▸ Task statement: The pictures stay out; all of the data is to be printed exactly.

▸ Material provided:
•••••

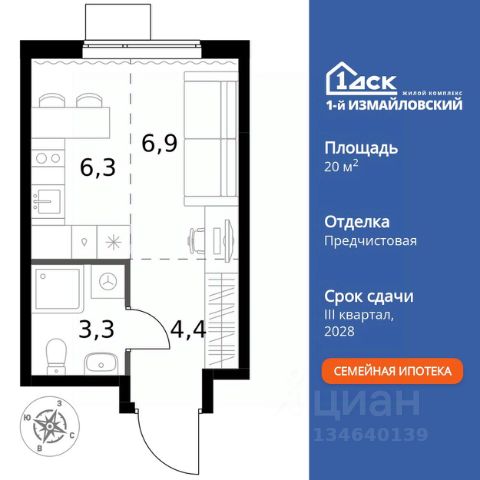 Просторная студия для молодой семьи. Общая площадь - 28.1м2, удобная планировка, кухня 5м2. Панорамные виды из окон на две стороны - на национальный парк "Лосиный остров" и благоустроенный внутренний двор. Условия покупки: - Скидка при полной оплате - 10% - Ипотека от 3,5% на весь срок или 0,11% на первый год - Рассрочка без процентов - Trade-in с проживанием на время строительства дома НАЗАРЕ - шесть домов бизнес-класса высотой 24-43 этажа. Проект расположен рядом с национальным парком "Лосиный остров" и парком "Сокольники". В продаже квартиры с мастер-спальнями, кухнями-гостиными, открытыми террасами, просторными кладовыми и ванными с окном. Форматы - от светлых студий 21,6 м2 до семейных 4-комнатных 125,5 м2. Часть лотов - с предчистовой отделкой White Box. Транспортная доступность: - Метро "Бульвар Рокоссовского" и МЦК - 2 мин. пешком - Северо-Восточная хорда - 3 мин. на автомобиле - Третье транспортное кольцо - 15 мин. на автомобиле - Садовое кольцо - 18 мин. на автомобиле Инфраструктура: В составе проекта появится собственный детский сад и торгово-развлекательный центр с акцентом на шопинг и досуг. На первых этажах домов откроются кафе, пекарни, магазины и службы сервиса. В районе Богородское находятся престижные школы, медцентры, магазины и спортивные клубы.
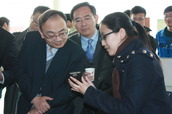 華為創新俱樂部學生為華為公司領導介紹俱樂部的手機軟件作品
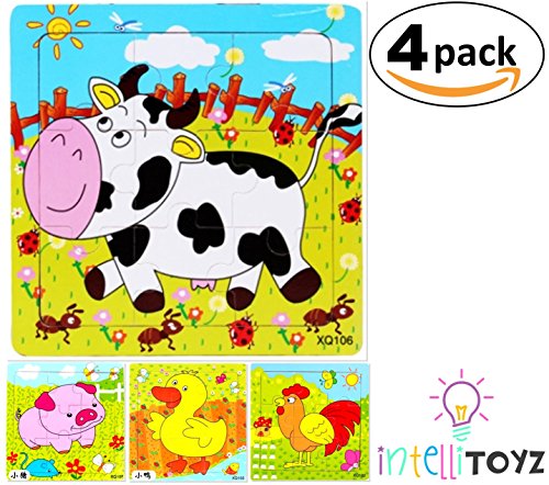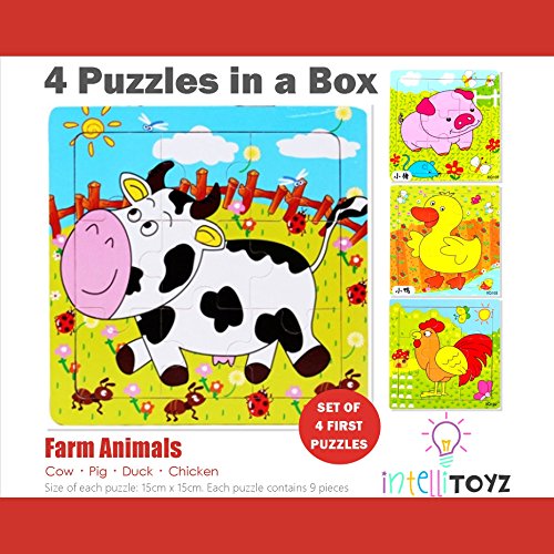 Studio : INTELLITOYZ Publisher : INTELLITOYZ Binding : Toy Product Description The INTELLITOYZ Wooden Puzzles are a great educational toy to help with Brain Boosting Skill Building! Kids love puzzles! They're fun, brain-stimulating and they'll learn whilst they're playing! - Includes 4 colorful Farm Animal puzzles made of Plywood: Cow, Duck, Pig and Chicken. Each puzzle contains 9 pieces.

•••••

▸ Final answer:
 Просторная студия для молодой семьи. Общая площадь - 28.1м2, удобная планировка, кухня 5м2. Панорамные виды из окон на две стороны - на национальный парк "Лосиный остров" и благоустроенный внутренний двор. Условия покупки: - Скидка при полной оплате - 10% - Ипотека от 3,5% на весь срок или 0,11% на первый год - Рассрочка без процентов - Trade-in с проживанием на время строительства дома НАЗАРЕ - шесть домов бизнес-класса высотой 24-43 этажа. Проект расположен рядом с национальным парком "Лосиный остров" и парком "Сокольники". В продаже квартиры с мастер-спальнями, кухнями-гостиными, открытыми террасами, просторными кладовыми и ванными с окном. Форматы - от светлых студий 21,6 м2 до семейных 4-комнатных 125,5 м2. Часть лотов - с предчистовой отделкой White Box. Транспортная доступность: - Метро "Бульвар Рокоссовского" и МЦК - 2 мин. пешком - Северо-Восточная хорда - 3 мин. на автомобиле - Третье транспортное кольцо - 15 мин. на автомобиле - Садовое кольцо - 18 мин. на автомобиле Инфраструктура: В составе проекта появится собственный детский сад и торгово-развлекательный центр с акцентом на шопинг и досуг. На первых этажах домов откроются кафе, пекарни, магазины и службы сервиса. В районе Богородское находятся престижные школы, медцентры, магазины и спортивные клубы.
 華為創新俱樂部學生為華為公司領導介紹俱樂部的手機軟件作品
 Studio : INTELLITOYZ Publisher : INTELLITOYZ Binding : Toy Product Description The INTELLITOYZ Wooden Puzzles are a great educational toy to help with Brain Boosting Skill Building! Kids love puzzles! They're fun, brain-stimulating and they'll learn whilst they're playing! - Includes 4 colorful Farm Animal puzzles made of Plywood: Cow, Duck, Pig and Chicken. Each puzzle contains 9 pieces.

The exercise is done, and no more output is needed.